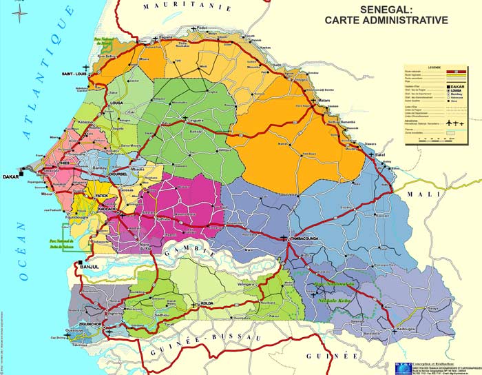 Quatorze régions dont les chefs-lieux sont les principales villes : Dakar, Diourbel, Fatick, Kaffrine, Kédougou, Kaolack, Kolda, Louga, Matam, Saint Louis, Sédhiou, Tambacounda, Thiès, Ziguinchor.
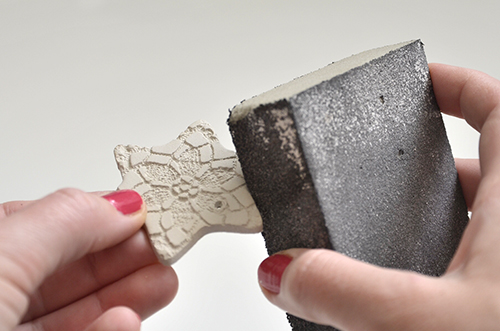 A széleket picit megcsiszoltam, amihez elég egy nagyon finom szemcsés csiszolópapír (vagy körömreszelő), mert a száraz gyurma szuperjól csiszolható, pár mozdulattal tökéletesek lesznek a szélek.
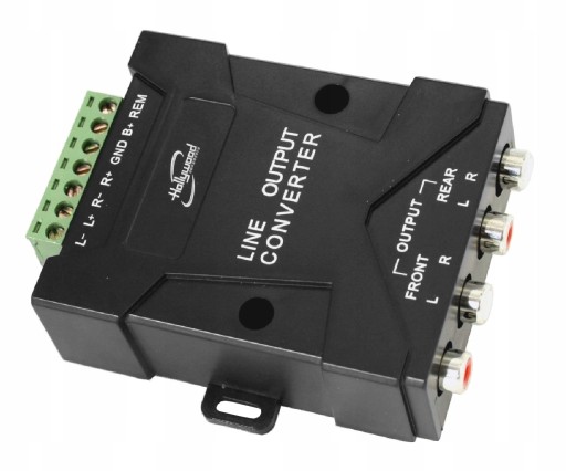 Wysokiej jakości 2-kanałowy konwerter obniżający sygnału głośnikowy z radioodtwarzacza do poziomu wejść RCA dla zewnętrznego wzmacniacza. Umożliwia podłączenie radioodtwarzacza, który nie posiada wyjść RCA (CINCH) do zewnętrznego wzmacniacza mocy. Konwerter posiada 4 wyjścia RCA, płynną regulację poziomu sygnału wyjściowego, wyjście Remote dla wzmacniacza oraz filtr zakłóceń z separacją składowej stałej (DC).
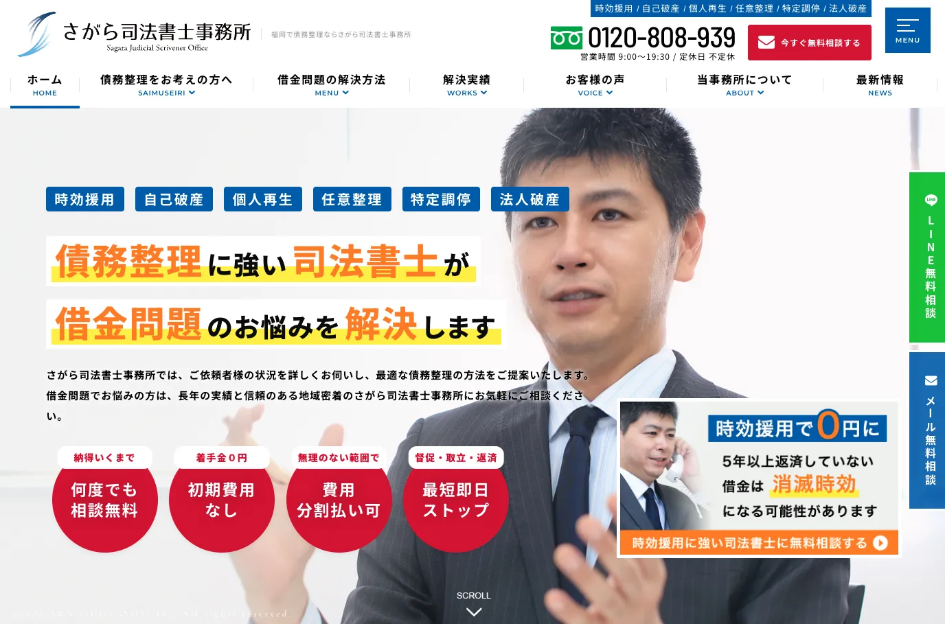 債務整理と個人再生にて大変親身になっていただき、スムーズに進める事が出来ました。 1年半ほどの期間でしたが、オフィスで直接対面で面談したり、不可能な時には、電話やLINEなどでも行いながら、効率良くスピーディーに対応していただきました。
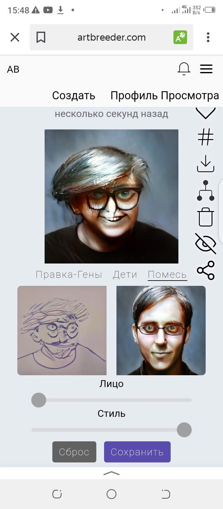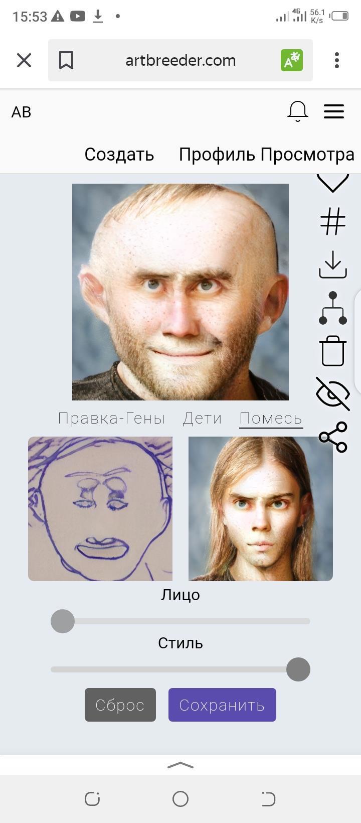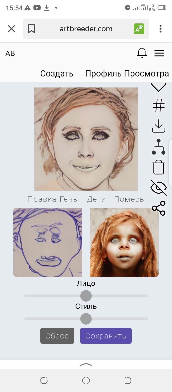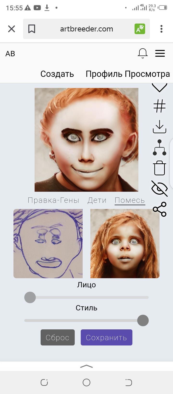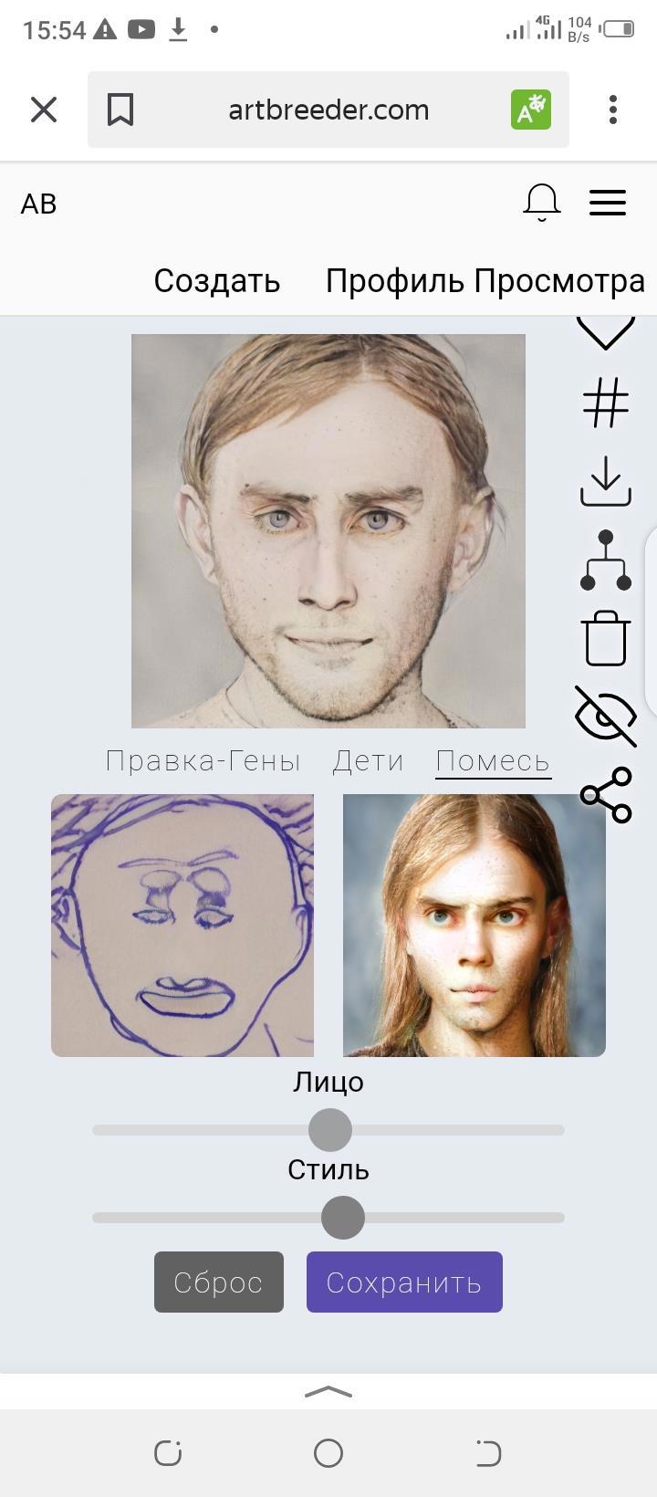 Далее я выбираю рисунок в нужном мне стиле и применяю к чертам лица своего творчества. (Тут по идее я должен расписать как скачал в инете фотографию и загрузил ее на сайт. Но у меня уже есть рисунки от смешения множества фотографий. Возьму один из них).
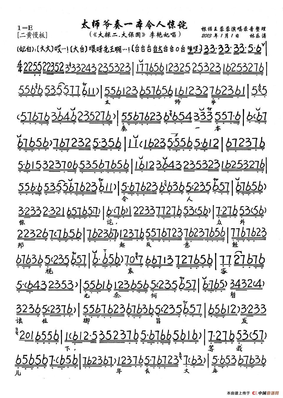 太师爷奏一本令人惊诧(《大探二·大保国》李艳妃唱段、琴谱)

..........

#### WHAT TO PRODUCE
For this exercise, write the listing out again exactly, excluding all images.

#### REPLY
 Quatorze régions dont les chefs-lieux sont les principales villes : Dakar, Diourbel, Fatick, Kaffrine, Kédougou, Kaolack, Kolda, Louga, Matam, Saint Louis, Sédhiou, Tambacounda, Thiès, Ziguinchor.
 A széleket picit megcsiszoltam, amihez elég egy nagyon finom szemcsés csiszolópapír (vagy körömreszelő), mert a száraz gyurma szuperjól csiszolható, pár mozdulattal tökéletesek lesznek a szélek.
 Wysokiej jakości 2-kanałowy konwerter obniżający sygnału głośnikowy z radioodtwarzacza do poziomu wejść RCA dla zewnętrznego wzmacniacza. Umożliwia podłączenie radioodtwarzacza, który nie posiada wyjść RCA (CINCH) do zewnętrznego wzmacniacza mocy. Konwerter posiada 4 wyjścia RCA, płynną regulację poziomu sygnału wyjściowego, wyjście Remote dla wzmacniacza oraz filtr zakłóceń z separacją składowej stałej (DC).
 債務整理と個人再生にて大変親身になっていただき、スムーズに進める事が出来ました。 1年半ほどの期間でしたが、オフィスで直接対面で面談したり、不可能な時には、電話やLINEなどでも行いながら、効率良くスピーディーに対応していただきました。
 Далее я выбираю рисунок в нужном мне стиле и применяю к чертам лица своего творчества. (Тут по идее я должен расписать как скачал в инете фотографию и загрузил ее на сайт. Но у меня уже есть рисунки от смешения множества фотографий. Возьму один из них).
 太师爷奏一本令人惊诧(《大探二·大保国》李艳妃唱段、琴谱)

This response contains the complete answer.